▸ **Description of the task**: Reproduce the records below exactly, leaving their images out.

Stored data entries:

>>>>

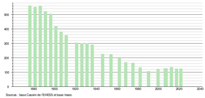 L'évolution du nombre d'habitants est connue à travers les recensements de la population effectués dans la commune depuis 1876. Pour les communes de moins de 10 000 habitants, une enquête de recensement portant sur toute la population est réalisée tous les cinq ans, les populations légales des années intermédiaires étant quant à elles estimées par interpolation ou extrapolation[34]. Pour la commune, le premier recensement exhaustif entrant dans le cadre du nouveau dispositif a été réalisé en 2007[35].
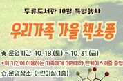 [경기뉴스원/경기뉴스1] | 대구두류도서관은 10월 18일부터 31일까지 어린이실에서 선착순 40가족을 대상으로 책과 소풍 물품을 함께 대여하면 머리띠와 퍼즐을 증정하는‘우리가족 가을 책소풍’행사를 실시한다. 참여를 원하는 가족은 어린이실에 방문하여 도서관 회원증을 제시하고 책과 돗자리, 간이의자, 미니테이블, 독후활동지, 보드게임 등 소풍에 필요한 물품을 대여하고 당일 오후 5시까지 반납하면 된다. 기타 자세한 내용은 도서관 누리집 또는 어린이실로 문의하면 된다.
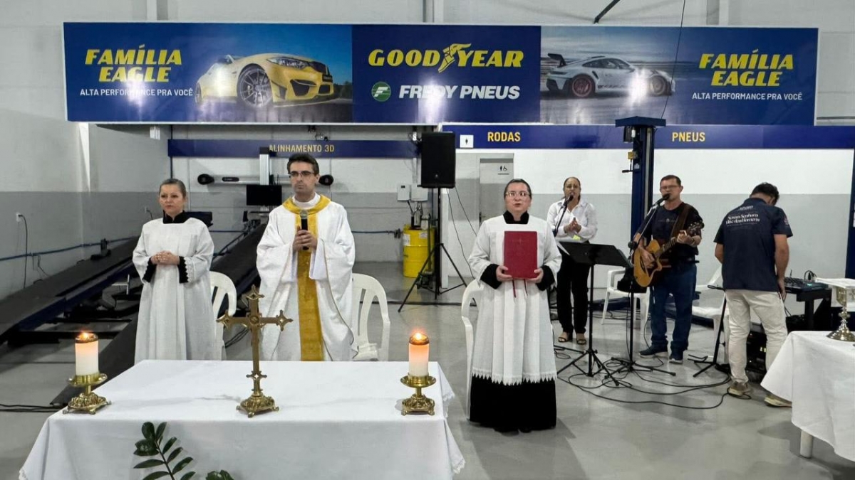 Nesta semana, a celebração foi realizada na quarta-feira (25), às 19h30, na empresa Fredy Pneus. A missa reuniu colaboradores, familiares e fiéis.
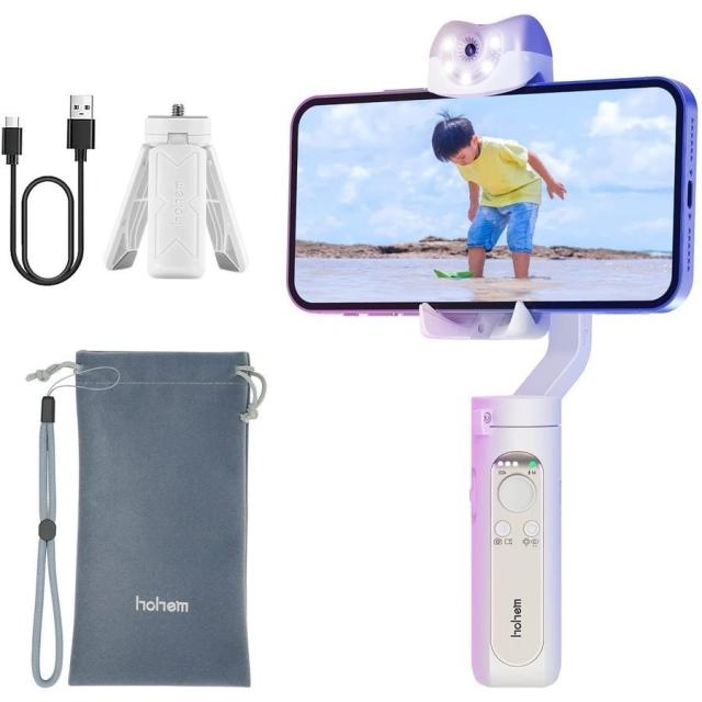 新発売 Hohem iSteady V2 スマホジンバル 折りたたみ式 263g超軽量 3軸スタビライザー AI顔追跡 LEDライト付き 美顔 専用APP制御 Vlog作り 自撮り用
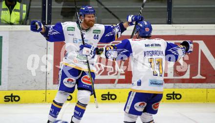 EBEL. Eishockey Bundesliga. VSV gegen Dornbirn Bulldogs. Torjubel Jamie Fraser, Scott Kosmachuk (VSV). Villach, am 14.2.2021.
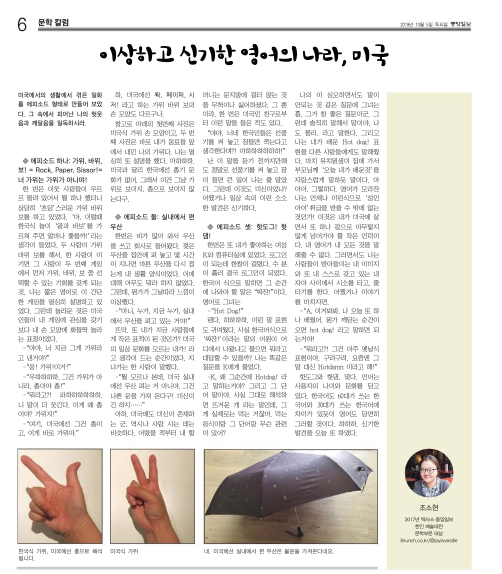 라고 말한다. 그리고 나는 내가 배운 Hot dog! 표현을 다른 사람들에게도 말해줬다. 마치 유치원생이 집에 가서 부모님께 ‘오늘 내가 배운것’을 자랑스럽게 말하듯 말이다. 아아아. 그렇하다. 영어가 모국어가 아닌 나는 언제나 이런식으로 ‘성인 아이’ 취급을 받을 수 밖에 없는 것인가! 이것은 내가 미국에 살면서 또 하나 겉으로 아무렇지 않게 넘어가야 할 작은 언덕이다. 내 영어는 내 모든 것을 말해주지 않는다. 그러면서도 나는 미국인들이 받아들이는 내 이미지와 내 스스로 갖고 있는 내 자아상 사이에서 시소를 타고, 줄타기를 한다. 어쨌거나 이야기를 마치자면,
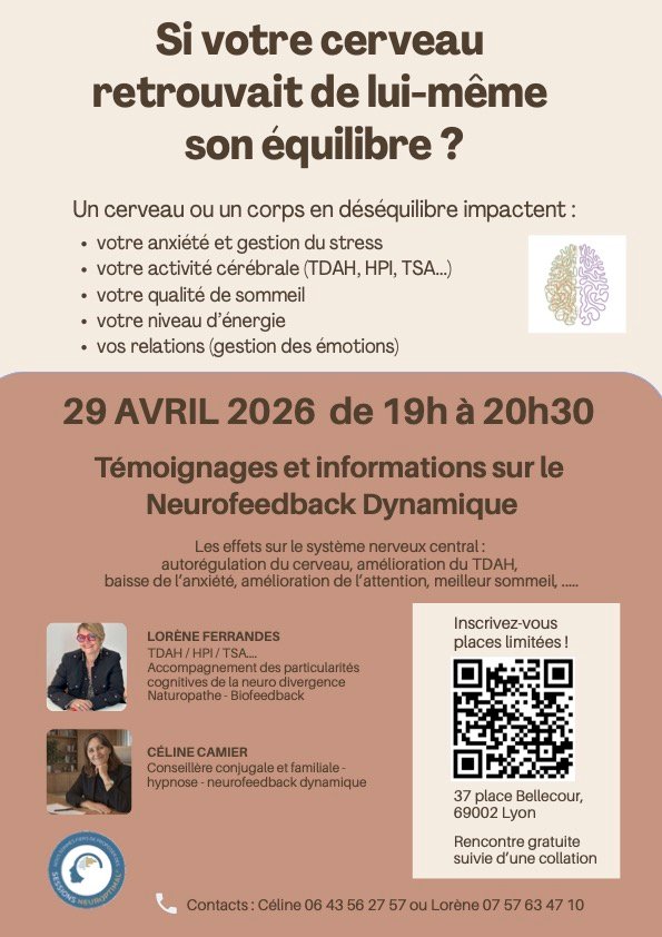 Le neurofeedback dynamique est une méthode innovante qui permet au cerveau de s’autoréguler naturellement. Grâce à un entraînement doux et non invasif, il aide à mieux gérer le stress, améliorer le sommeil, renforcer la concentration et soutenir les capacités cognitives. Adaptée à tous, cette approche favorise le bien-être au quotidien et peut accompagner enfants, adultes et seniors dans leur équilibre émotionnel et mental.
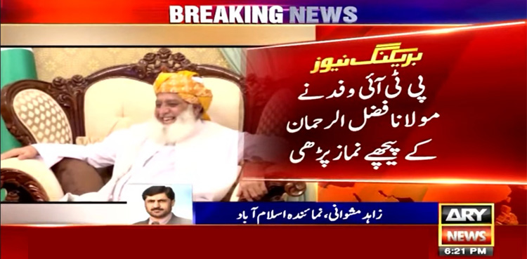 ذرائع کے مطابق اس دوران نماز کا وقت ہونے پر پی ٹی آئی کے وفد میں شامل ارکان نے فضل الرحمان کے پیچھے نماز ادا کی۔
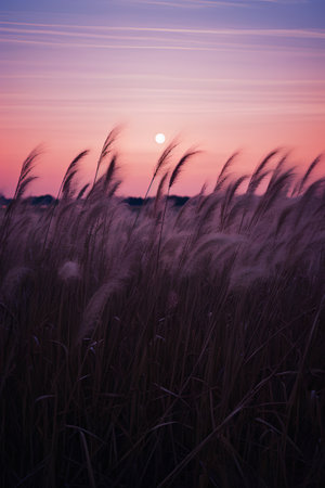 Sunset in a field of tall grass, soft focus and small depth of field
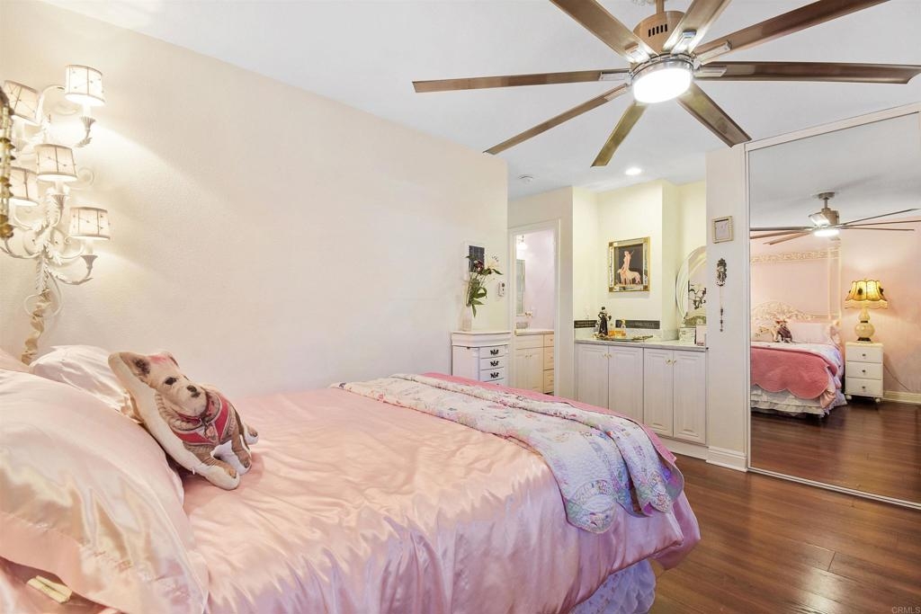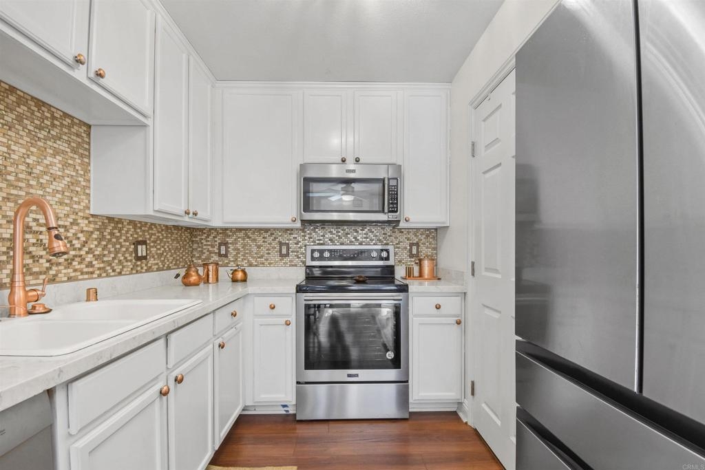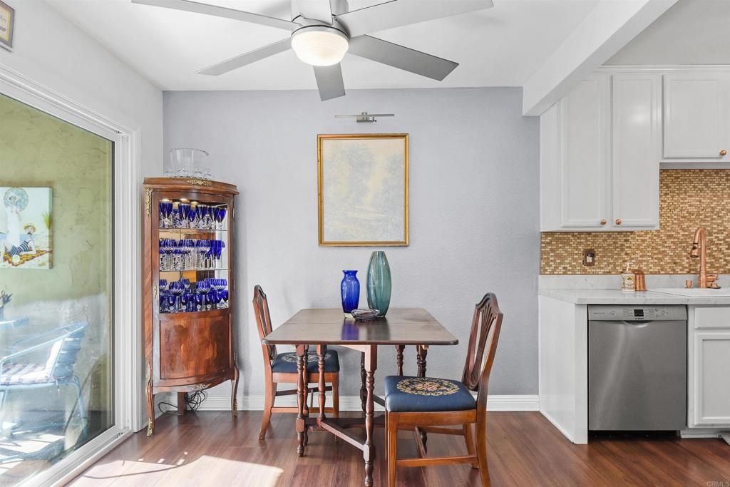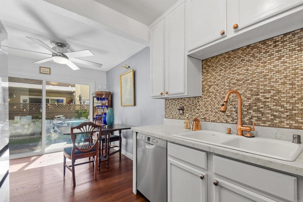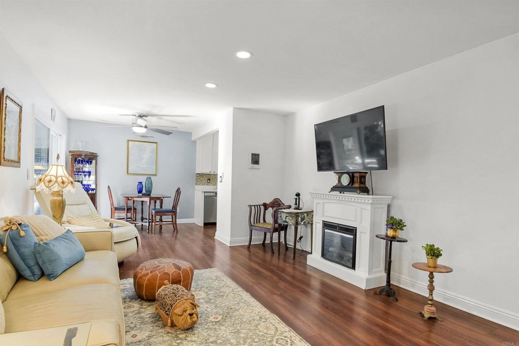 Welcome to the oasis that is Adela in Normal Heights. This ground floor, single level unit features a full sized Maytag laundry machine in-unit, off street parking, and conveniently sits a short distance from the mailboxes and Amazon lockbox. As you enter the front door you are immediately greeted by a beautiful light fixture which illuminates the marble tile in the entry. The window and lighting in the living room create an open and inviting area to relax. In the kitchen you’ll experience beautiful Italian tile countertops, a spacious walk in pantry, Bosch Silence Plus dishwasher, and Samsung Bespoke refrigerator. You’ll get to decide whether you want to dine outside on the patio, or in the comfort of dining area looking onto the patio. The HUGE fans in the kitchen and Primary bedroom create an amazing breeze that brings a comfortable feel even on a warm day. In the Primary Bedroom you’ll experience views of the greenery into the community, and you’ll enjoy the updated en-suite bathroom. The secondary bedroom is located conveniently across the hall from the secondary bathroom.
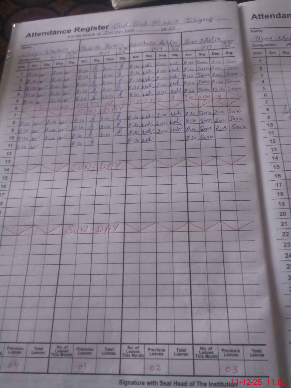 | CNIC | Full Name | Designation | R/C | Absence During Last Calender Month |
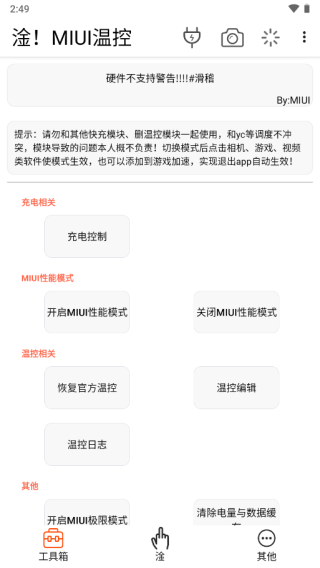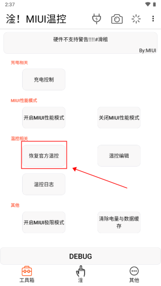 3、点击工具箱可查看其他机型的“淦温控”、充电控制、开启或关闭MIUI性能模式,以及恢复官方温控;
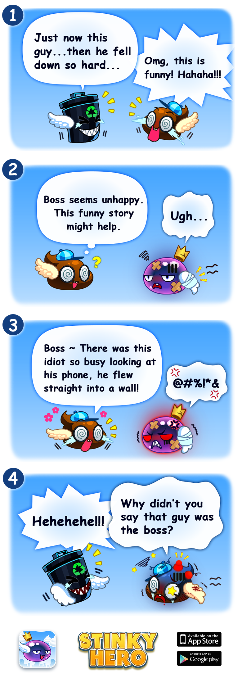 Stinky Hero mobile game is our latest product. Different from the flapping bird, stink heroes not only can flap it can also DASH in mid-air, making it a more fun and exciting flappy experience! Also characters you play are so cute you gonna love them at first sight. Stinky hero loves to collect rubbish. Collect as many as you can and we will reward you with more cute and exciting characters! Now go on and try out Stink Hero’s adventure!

<<<<

▸ **Output of the task**:
 L'évolution du nombre d'habitants est connue à travers les recensements de la population effectués dans la commune depuis 1876. Pour les communes de moins de 10 000 habitants, une enquête de recensement portant sur toute la population est réalisée tous les cinq ans, les populations légales des années intermédiaires étant quant à elles estimées par interpolation ou extrapolation[34]. Pour la commune, le premier recensement exhaustif entrant dans le cadre du nouveau dispositif a été réalisé en 2007[35].
 [경기뉴스원/경기뉴스1] | 대구두류도서관은 10월 18일부터 31일까지 어린이실에서 선착순 40가족을 대상으로 책과 소풍 물품을 함께 대여하면 머리띠와 퍼즐을 증정하는‘우리가족 가을 책소풍’행사를 실시한다. 참여를 원하는 가족은 어린이실에 방문하여 도서관 회원증을 제시하고 책과 돗자리, 간이의자, 미니테이블, 독후활동지, 보드게임 등 소풍에 필요한 물품을 대여하고 당일 오후 5시까지 반납하면 된다. 기타 자세한 내용은 도서관 누리집 또는 어린이실로 문의하면 된다.
 Nesta semana, a celebração foi realizada na quarta-feira (25), às 19h30, na empresa Fredy Pneus. A missa reuniu colaboradores, familiares e fiéis.
 新発売 Hohem iSteady V2 スマホジンバル 折りたたみ式 263g超軽量 3軸スタビライザー AI顔追跡 LEDライト付き 美顔 専用APP制御 Vlog作り 自撮り用
 EBEL. Eishockey Bundesliga. VSV gegen Dornbirn Bulldogs. Torjubel Jamie Fraser, Scott Kosmachuk (VSV). Villach, am 14.2.2021.
 라고 말한다. 그리고 나는 내가 배운 Hot dog! 표현을 다른 사람들에게도 말해줬다. 마치 유치원생이 집에 가서 부모님께 ‘오늘 내가 배운것’을 자랑스럽게 말하듯 말이다. 아아아. 그렇하다. 영어가 모국어가 아닌 나는 언제나 이런식으로 ‘성인 아이’ 취급을 받을 수 밖에 없는 것인가! 이것은 내가 미국에 살면서 또 하나 겉으로 아무렇지 않게 넘어가야 할 작은 언덕이다. 내 영어는 내 모든 것을 말해주지 않는다. 그러면서도 나는 미국인들이 받아들이는 내 이미지와 내 스스로 갖고 있는 내 자아상 사이에서 시소를 타고, 줄타기를 한다. 어쨌거나 이야기를 마치자면,
 Le neurofeedback dynamique est une méthode innovante qui permet au cerveau de s’autoréguler naturellement. Grâce à un entraînement doux et non invasif, il aide à mieux gérer le stress, améliorer le sommeil, renforcer la concentration et soutenir les capacités cognitives. Adaptée à tous, cette approche favorise le bien-être au quotidien et peut accompagner enfants, adultes et seniors dans leur équilibre émotionnel et mental.
 ذرائع کے مطابق اس دوران نماز کا وقت ہونے پر پی ٹی آئی کے وفد میں شامل ارکان نے فضل الرحمان کے پیچھے نماز ادا کی۔
 Sunset in a field of tall grass, soft focus and small depth of field
 Welcome to the oasis that is Adela in Normal Heights. This ground floor, single level unit features a full sized Maytag laundry machine in-unit, off street parking, and conveniently sits a short distance from the mailboxes and Amazon lockbox. As you enter the front door you are immediately greeted by a beautiful light fixture which illuminates the marble tile in the entry. The window and lighting in the living room create an open and inviting area to relax. In the kitchen you’ll experience beautiful Italian tile countertops, a spacious walk in pantry, Bosch Silence Plus dishwasher, and Samsung Bespoke refrigerator. You’ll get to decide whether you want to dine outside on the patio, or in the comfort of dining area looking onto the patio. The HUGE fans in the kitchen and Primary bedroom create an amazing breeze that brings a comfortable feel even on a warm day. In the Primary Bedroom you’ll experience views of the greenery into the community, and you’ll enjoy the updated en-suite bathroom. The secondary bedroom is located conveniently across the hall from the secondary bathroom.
 | CNIC | Full Name | Designation | R/C | Absence During Last Calender Month |
 3、点击工具箱可查看其他机型的“淦温控”、充电控制、开启或关闭MIUI性能模式,以及恢复官方温控;
 Stinky Hero mobile game is our latest product. Different from the flapping bird, stink heroes not only can flap it can also DASH in mid-air, making it a more fun and exciting flappy experience! Also characters you play are so cute you gonna love them at first sight. Stinky hero loves to collect rubbish. Collect as many as you can and we will reward you with more cute and exciting characters! Now go on and try out Stink Hero’s adventure!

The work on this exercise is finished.